> _Work task_
Drop the pictures and extract exactly the lines from the one that contains "2007—2008年6月硼铁矿及相关硼矿产品产量图" through the end of the material.

> _Record excerpts_
>>>
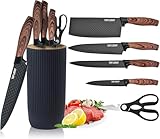 - Umfangreiches Messer-Set: 1x Messerblock, 1x Gemüsemesser 18,5 cm, 1x Steakmesser 22 cm, 1x Fleischmesser 34,5 cm, 1x Zubereitungsmesser 27 cm, 1x Brotmesser mit Wellenschliff 34 cm
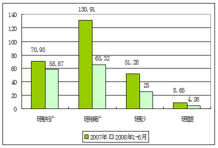 2007—2008年6月硼铁矿及相关硼矿产品产量图
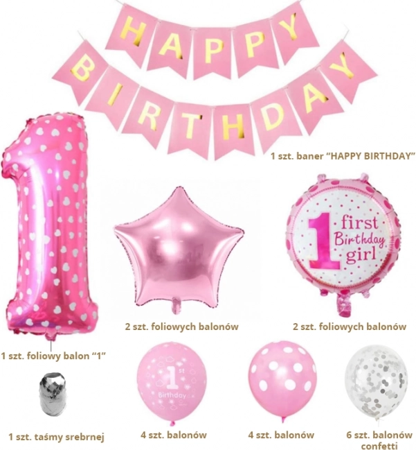 Set di palloncini di compleanno per la festa di una bambina - rosa
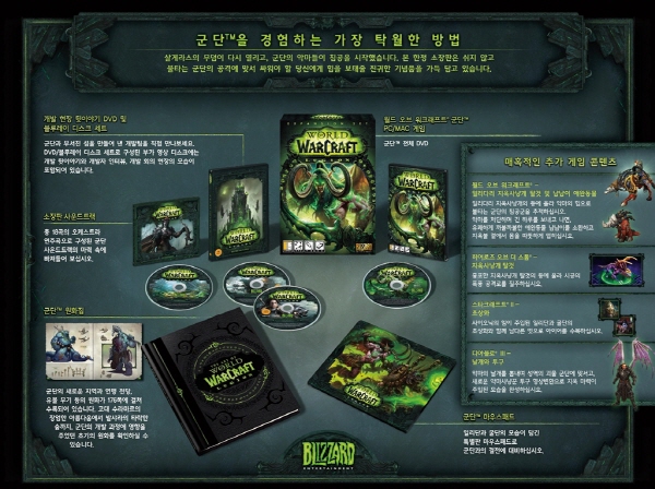 ...군단 소장판 예약 판매는 준비된 물량이 소진될 때까지만 진행되며, 예약 구매한 군단 소장판은 8월 30일부터 택배로 발송이 시작될 예정이다. 군단 소장판에는 월드오브워크래프트 90일 이용권과 함께 게임 내에서 사용 가능한 탈것인 '일리다리 지옥사냥개'와 애완동물 '냠냠이', 히어로
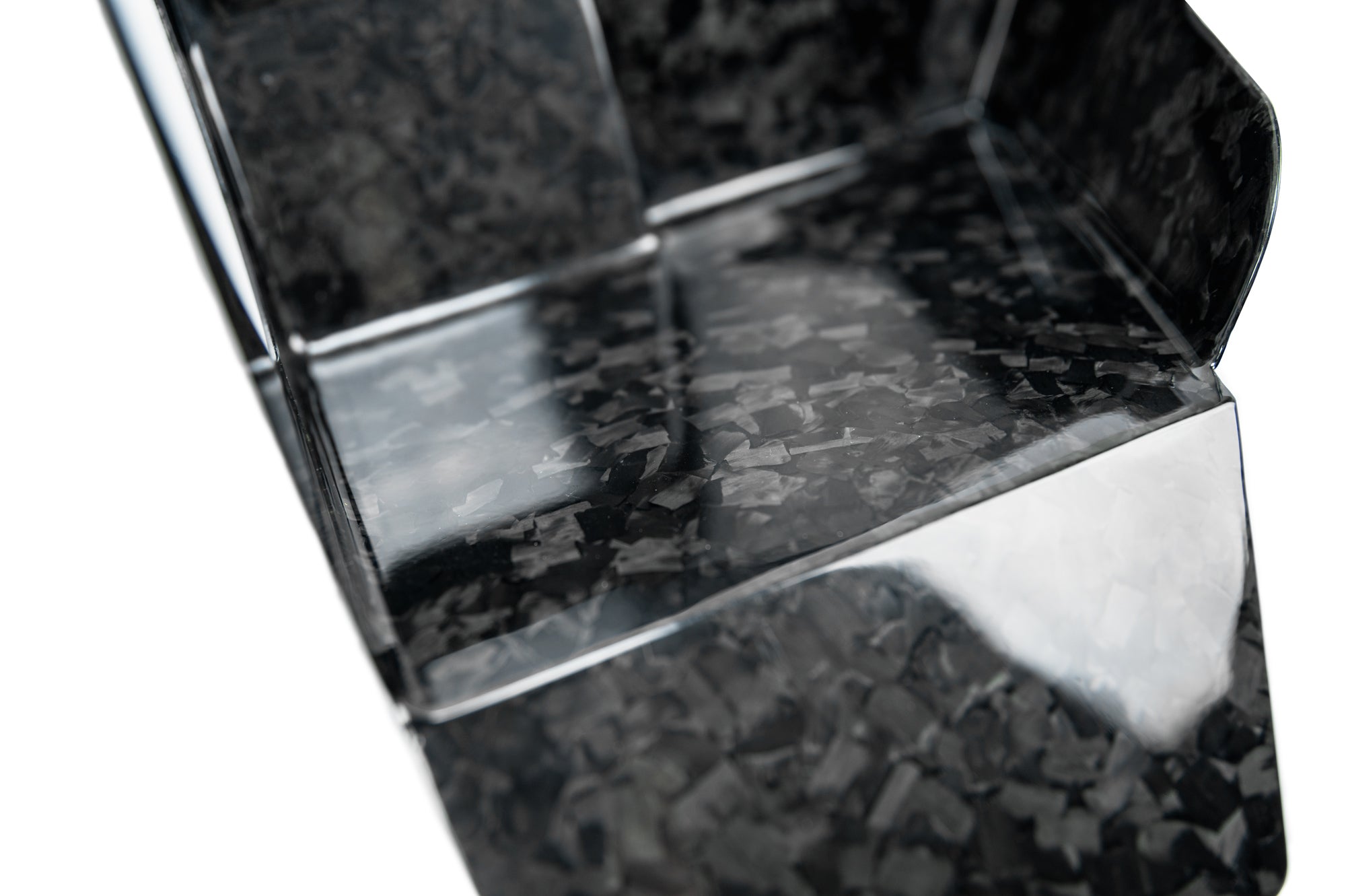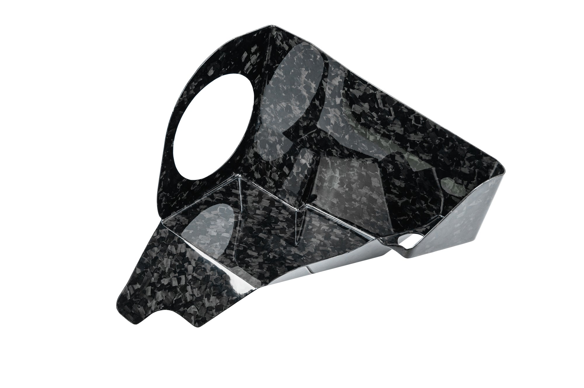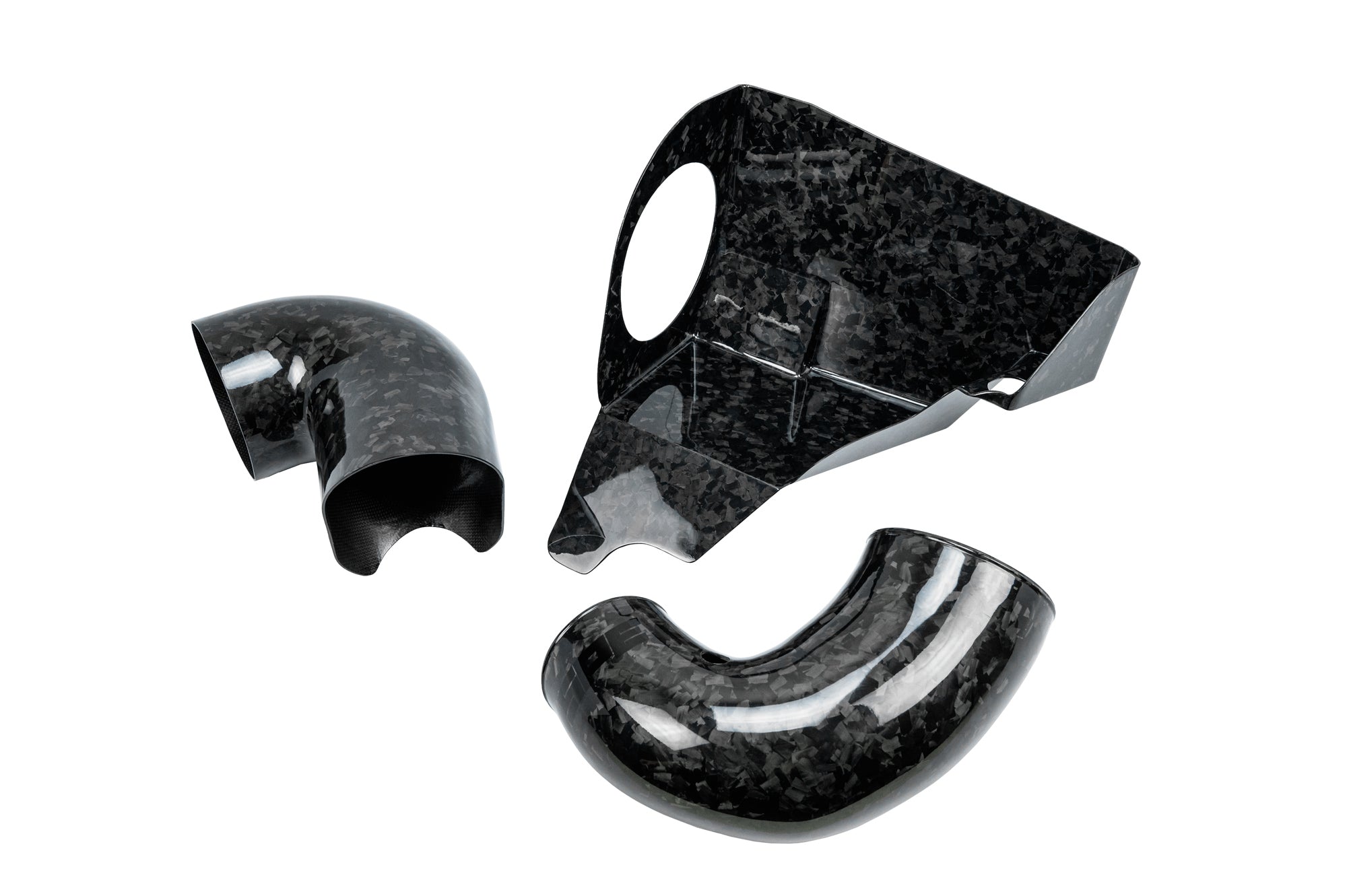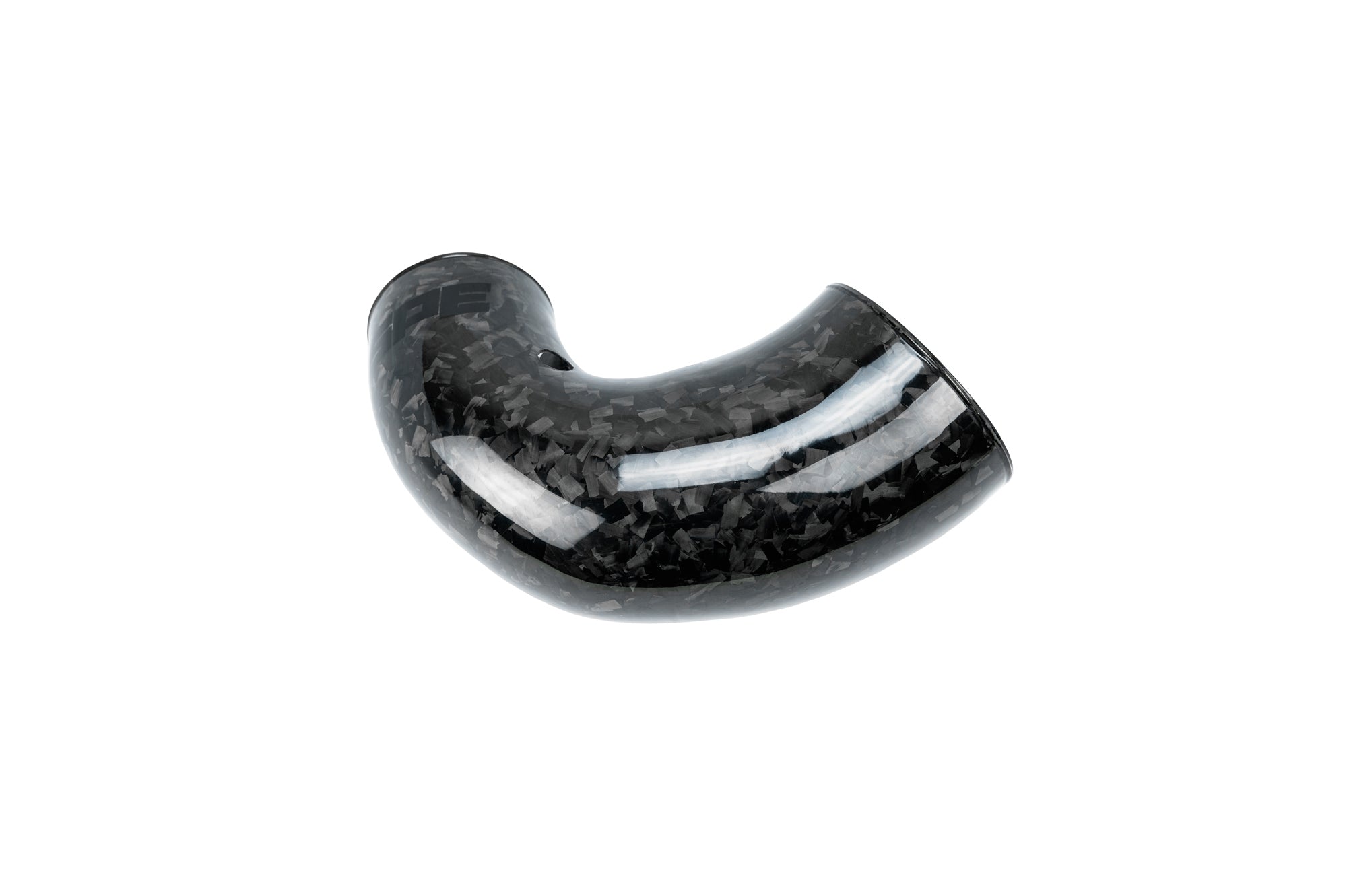Our main inlet tube is made of genuine Forged carbon fiber manufactured in billet molds and then processed in an autoclave. All excess resin is pulled out under vacuum creating a strong lightweight part. It has a large 4.5" opening on the throttle body side terminating to a large 6" opening for the filter engineered into the best possible shape from point A to B with no weird flat clearance spots. It fills the void and uses all the space provided.
<<<
> _Written reply_
 2007—2008年6月硼铁矿及相关硼矿产品产量图
 Set di palloncini di compleanno per la festa di una bambina - rosa
 ...군단 소장판 예약 판매는 준비된 물량이 소진될 때까지만 진행되며, 예약 구매한 군단 소장판은 8월 30일부터 택배로 발송이 시작될 예정이다. 군단 소장판에는 월드오브워크래프트 90일 이용권과 함께 게임 내에서 사용 가능한 탈것인 '일리다리 지옥사냥개'와 애완동물 '냠냠이', 히어로
Our main inlet tube is made of genuine Forged carbon fiber manufactured in billet molds and then processed in an autoclave. All excess resin is pulled out under vacuum creating a strong lightweight part. It has a large 4.5" opening on the throttle body side terminating to a large 6" opening for the filter engineered into the best possible shape from point A to B with no weird flat clearance spots. It fills the void and uses all the space provided.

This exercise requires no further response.